When adding a new model:

Create a new directory under models/
Implement the model as a flax.nnx.Module
Define a params dataclass (using @dataclass)
Add a wrapper in models/wrappers/ if needed
Add tests in test/test_models/

2. Recipes (`src/gensbi/recipes/`)#

Recipes (Pipelines) are high-level interfaces that orchestrate training and inference:

AbstractPipeline (in pipeline.py): Base class defining the training loop, validation, checkpointing, and EMA
Specific Pipelines: Combine a model with flow matching or diffusion (e.g., Flux1FlowPipeline)

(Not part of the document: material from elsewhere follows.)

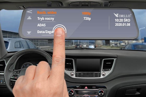 Mówiąc o wyświetlaczu zwróćmy uwagę na jego wielkość. W modelu ORLLO LX-50 DUAL znajdujemy wyświetlacz o przekątnej ok. 10 cali w proporcji 16:9, co czyni go jednym z największych dostępnych na rynku. Ekran tej wielkości wypełnia całe lusterko, dzięki czemu obraz jest wyraźny i czytelny. Został wykonany w technologii IPS, posiada powłokę antyrefleksyjną, dlatego patrząc nawet pod kątem widzimy, co wyświetla. Urządzenie możemy wygasić za pomocą jednego przycisku, bo tylko jeden posiada. A to dlatego, że wyświetlacz jest dotykowy! Ikony na wyświetlaczu są duże i łatwo jest zrobić zdjęcie podczas nagrania lub zabezpieczyć plik. Intuicyjne, polskie menu zdecydowanie ułatwia korzystanie z kamery.

When adding a new pipeline:

Inherit from AbstractPipeline
Implement required abstract methods
Override _get_optimizer() if you need a custom optimizer
Override get_default_training_config() for custom hyperparameters

3. Flow Matching (`src/gensbi/flow_matching/`)#

Components for Optimal Transport Flow Matching:

Paths (path/): Define interpolation between source and target (e.g., AffineProbPath with CondOTScheduler)
Solvers (solver/): ODE solvers for inference (e.g., ODESolver)
Loss (loss/): Flow matching loss functions

4. Diffusion (`src/gensbi/diffusion/`)#

Components for diffusion models:

Paths (path/): Define noise schedules and paths (e.g., EDMPath)
Solvers (solver/): Inference samplers and solvers (e.g., SDESolver, EDMSampler)

How to Add New Features#

Adding a New Model Architecture#

Create src/gensbi/models/your_model/

Implement the model:

from flax import nnx
from dataclasses import dataclass

@dataclass
class YourModelParams:
    num_layers: int
    hidden_dim: int
    # ... other params

class YourModel(nnx.Module):
    def __init__(self, params: YourModelParams):
        # Initialize layers
        pass
    
    def __call__(self, x, context=None):
        # Forward pass
        return output

Add a pipeline recipe in src/gensbi/recipes/your_model.py
Write tests in test/test_models/test_your_model.py
Add a Model Card in docs/basics/model_cards.md

Adding a New Training Feature#

If it’s pipeline-specific: Override methods in your pipeline class
If it’s general: Add to AbstractPipeline in src/gensbi/recipes/pipeline.py
Add configuration options to get_default_training_config()
Write tests in test/test_recipes/

Adding a New Loss Function#

Create the loss in src/gensbi/models/losses/ or src/gensbi/flow_matching/loss/
Make it compatible with the pipeline’s get_loss_fn() method
Add tests in the appropriate test directory

Testing Guidelines#

Write tests for all new functionality
Use pytest fixtures for common setup
Test edge cases and error conditions
Ensure tests are deterministic (use fixed random seeds)
Run the full test suite before submitting a PR

Example test structure:

import pytest
from gensbi.models.your_model import YourModel, YourModelParams

def test_your_model_forward_pass():
    params = YourModelParams(num_layers=2, hidden_dim=64)
    model = YourModel(params)
    # ... test logic

Documentation Guidelines#

When adding new features:

Docstrings: Add Google-style docstrings to all public functions/classes

def your_function(arg1: int, arg2: str) -> float:
    """Brief description.
    
    Longer description if needed.
    
    Args:
        arg1: Description of arg1.
        arg2: Description of arg2.
        
    Returns:
        Description of return value.
    """

User Guides: Update relevant guides in docs/basics/ if your feature affects users
Model Cards: If adding a new model, add a section to docs/basics/model_cards.md
Examples: Consider adding a simple example in the docstring or a notebook in the examples repo

Pull Request Process#

Create a branch: git checkout -b feature/your-feature-name
Make changes: Implement your feature with tests
Run tests: pytest test/
Update docs: Add/update documentation as needed
Commit: Use clear, descriptive commit messages
Push: git push origin feature/your-feature-name
Open PR: Provide a clear description of changes and motivation

Code Review#

All PRs will be reviewed for:

Correctness and functionality
Test coverage
Code style and clarity
Documentation completeness
Compatibility with existing features

Questions?#

If you have questions about contributing:

Check the Conceptual Overview to understand the architecture
Read the API Documentation
Open an issue on GitHub for discussion

We appreciate your contributions and look forward to collaborating with you!